- _INPUT RECORDS_
● ● ●
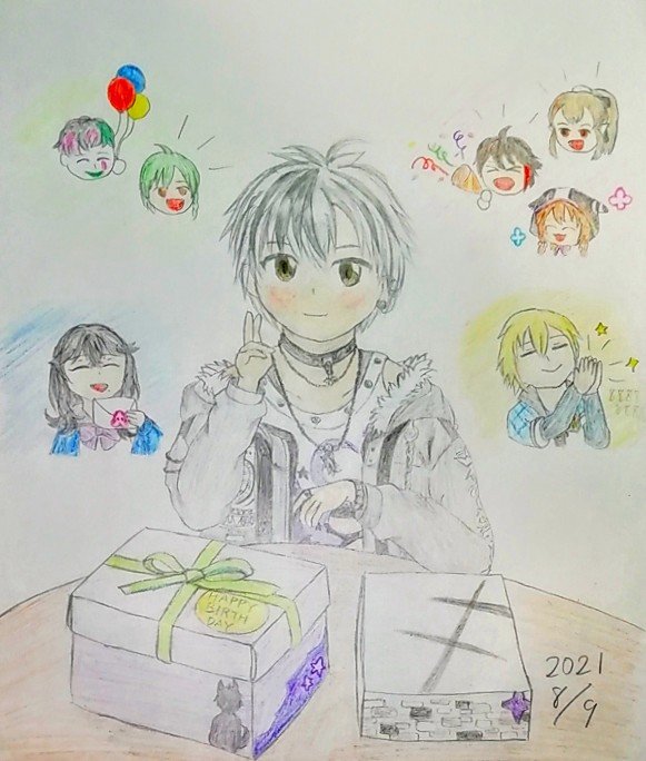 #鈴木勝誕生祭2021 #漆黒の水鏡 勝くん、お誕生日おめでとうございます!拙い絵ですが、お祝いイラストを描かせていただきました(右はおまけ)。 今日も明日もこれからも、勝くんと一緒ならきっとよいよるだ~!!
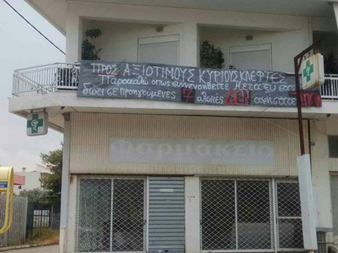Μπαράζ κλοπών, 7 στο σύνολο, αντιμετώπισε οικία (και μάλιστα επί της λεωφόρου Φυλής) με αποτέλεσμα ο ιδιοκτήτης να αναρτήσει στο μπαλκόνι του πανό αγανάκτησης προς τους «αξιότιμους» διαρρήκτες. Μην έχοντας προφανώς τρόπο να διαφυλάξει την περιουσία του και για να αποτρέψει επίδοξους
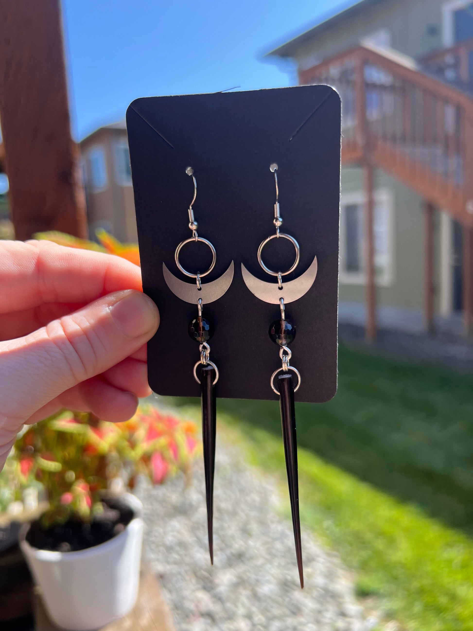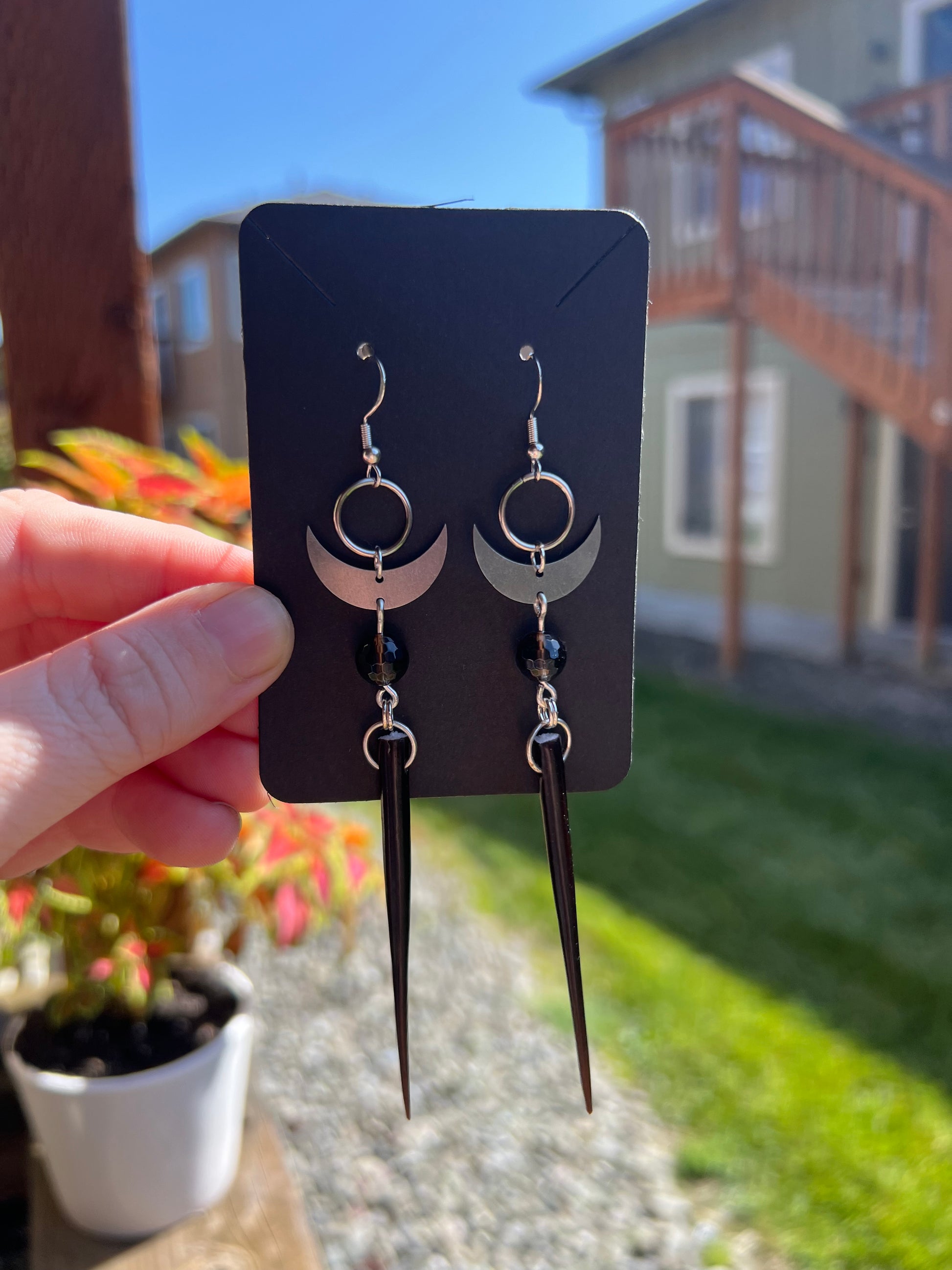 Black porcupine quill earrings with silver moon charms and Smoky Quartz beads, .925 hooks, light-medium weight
● ● ●
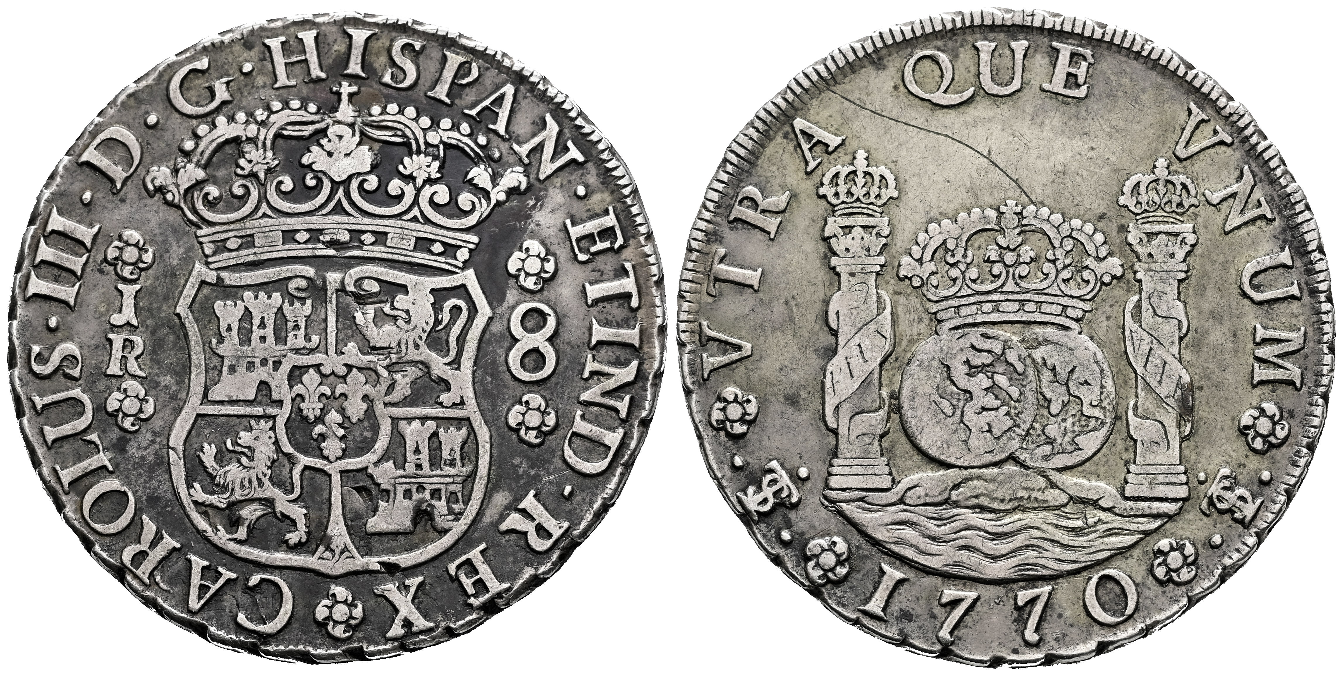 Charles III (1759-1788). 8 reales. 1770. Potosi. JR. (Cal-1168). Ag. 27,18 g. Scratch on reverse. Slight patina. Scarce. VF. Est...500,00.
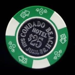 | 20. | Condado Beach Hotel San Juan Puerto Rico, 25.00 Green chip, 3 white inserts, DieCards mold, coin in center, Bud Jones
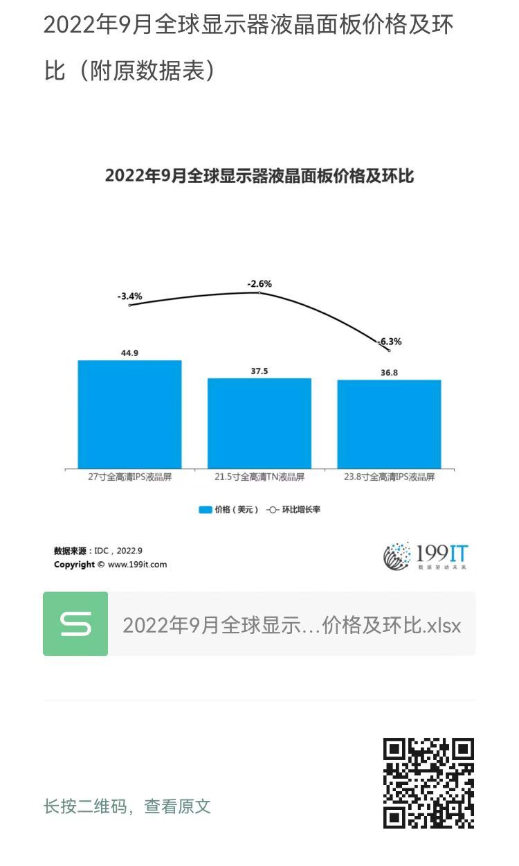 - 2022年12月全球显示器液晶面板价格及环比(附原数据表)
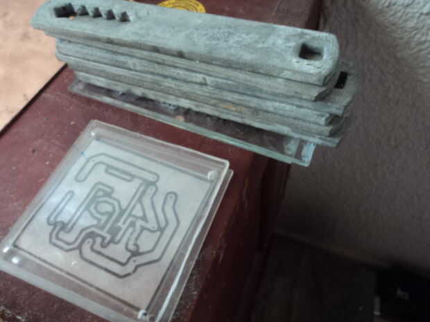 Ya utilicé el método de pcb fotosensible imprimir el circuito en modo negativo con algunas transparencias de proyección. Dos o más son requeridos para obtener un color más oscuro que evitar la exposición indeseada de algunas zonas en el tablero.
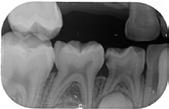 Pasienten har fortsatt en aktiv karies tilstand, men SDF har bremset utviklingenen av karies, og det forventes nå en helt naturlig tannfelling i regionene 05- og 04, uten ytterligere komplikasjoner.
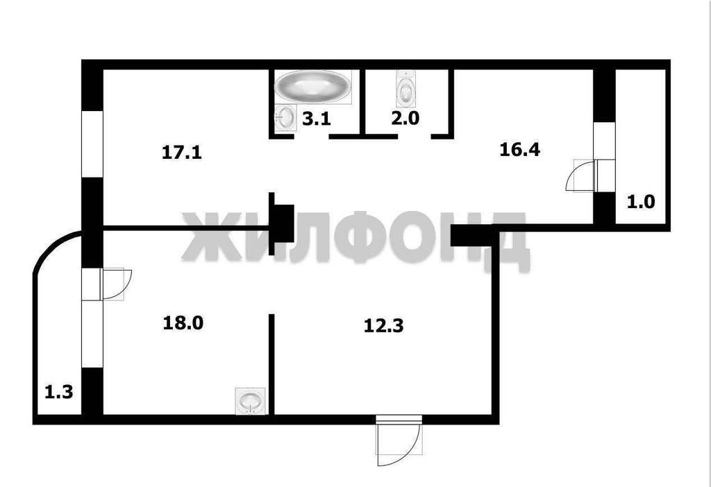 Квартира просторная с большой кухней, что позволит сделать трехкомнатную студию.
● ● ●
- _TASK OBJECTIVE_
Using the entries above, repeat exactly the lines from the one with "- 2022年12月全球显示器液晶面板价格及环比(附原数据表)" to the one with "Pasienten har fortsatt", both included, and leave the pictures behind.

- _ANSWER SPACE_
 - 2022年12月全球显示器液晶面板价格及环比(附原数据表)
 Ya utilicé el método de pcb fotosensible imprimir el circuito en modo negativo con algunas transparencias de proyección. Dos o más son requeridos para obtener un color más oscuro que evitar la exposición indeseada de algunas zonas en el tablero.
 Pasienten har fortsatt en aktiv karies tilstand, men SDF har bremset utviklingenen av karies, og det forventes nå en helt naturlig tannfelling i regionene 05- og 04, uten ytterligere komplikasjoner.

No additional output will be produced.